É um livro pra ser lido e deliciado aos poucos, com calma. O ritmo de leitura pretendido por O amor infinito que tenho por você e outras histórias é bem diferente do corte rápido, da velocidade insana, de voar com uma capa no pescoço por Nova York.
Em Para lá dos montes, uma linda HQ desta edição, o personagem acorda e se prepara para o dia, sem saber muito bem o que esperar. Numa apropriação muito livre, é possível pensar que o protagonista é o leitor, que vai passear por pequenas cidades portuguesas, como se seguisse um vagalume. Há algo lá ao final, sim, mas o que é?
Vale a pena ao leitor voltar, observar todo o seu caminho, reponderar sobre suas escolhas, aproximar-se do chão e recolher as pedras.
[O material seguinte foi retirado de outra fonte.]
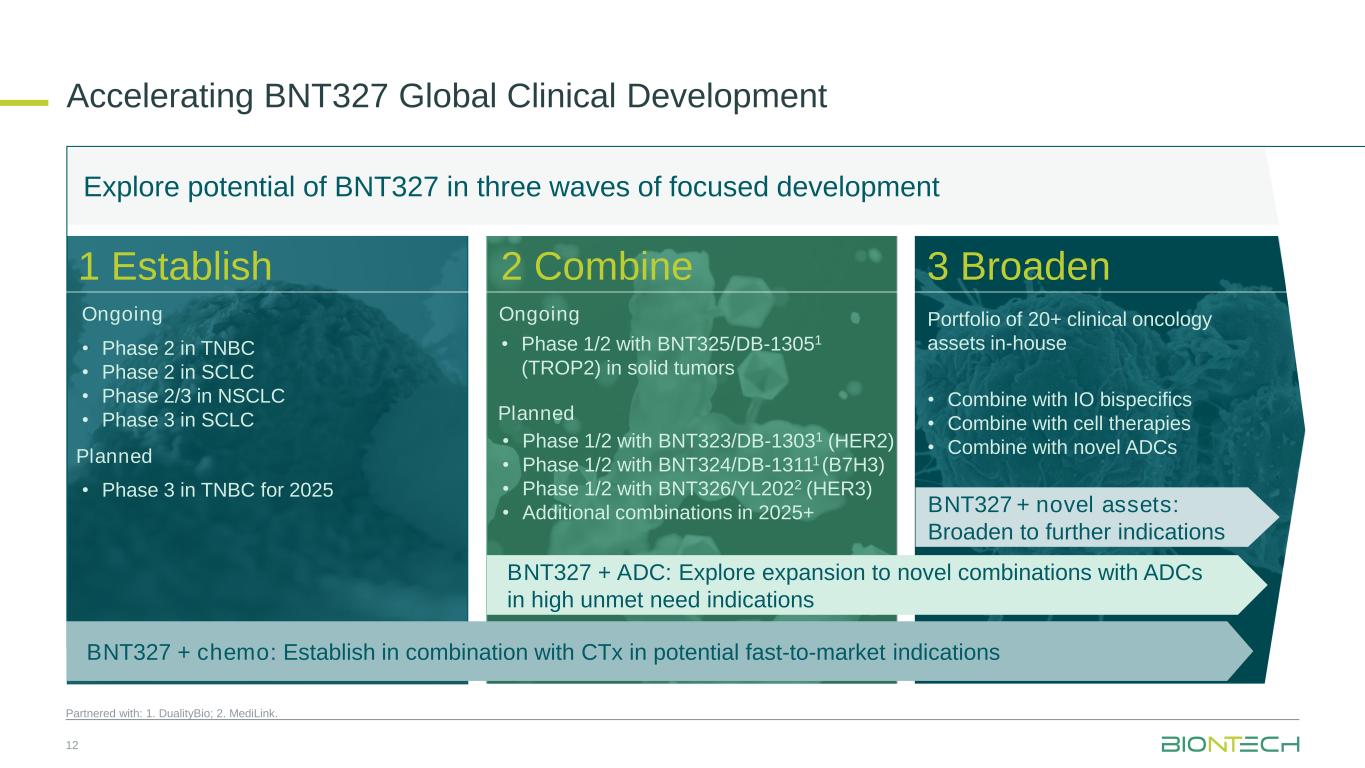 •A global randomized Phase 3 clinical trial evaluating BNT327 in first-line TNBC is on track to start in 2025.

Há sutilezas no traço, no texto, na narrativa.
Mesmo a quantidade contida de histórias e de páginas em cada uma delas parece ser pensado para encapsular o efeito lírico em uma pílula que é dada ao leitor no início de cada HQ, para que o efeito aconteça pouco adiante. E esse efeito, caso o leitor se permita, é o deslumbramento.
Algumas histórias propõem uma narrativa mais visível e forte, mas Paulo Monteiro nunca esquece a comentada sutileza, que ressurge em forma de conteúdo emocional. Mas não pense o leitor que são emoções baratas ou dramalhão. Trata-se de lembranças fortes e capazes de tocá-lo. São exemplos disso A sua guerra acabou (baseada no avô do autor) e Porque este é meu ofício (sobre o pai de Paulo).
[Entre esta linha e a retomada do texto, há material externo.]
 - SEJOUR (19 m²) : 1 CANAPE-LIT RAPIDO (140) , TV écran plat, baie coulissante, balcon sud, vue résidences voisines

Ao final, depois das HQs, há trechos do diário de produção do artista. As dúvidas, a cobrança, as reconstruções comentadas nesses textos dão ao leitor uma nova perspectiva sobre tudo aquilo que leu e a vontade é retornar para reler aquilo que já se tornaram narrativas novas.
E é justamente dessa dúvida, desse meio-tom entre aquilo que é de fato e do que poderia ser que se ergue a força sutil do álbum. Aqui, não há gritos, mas conversas a meio-tom e poemas sussurrados. Você está ouvindo?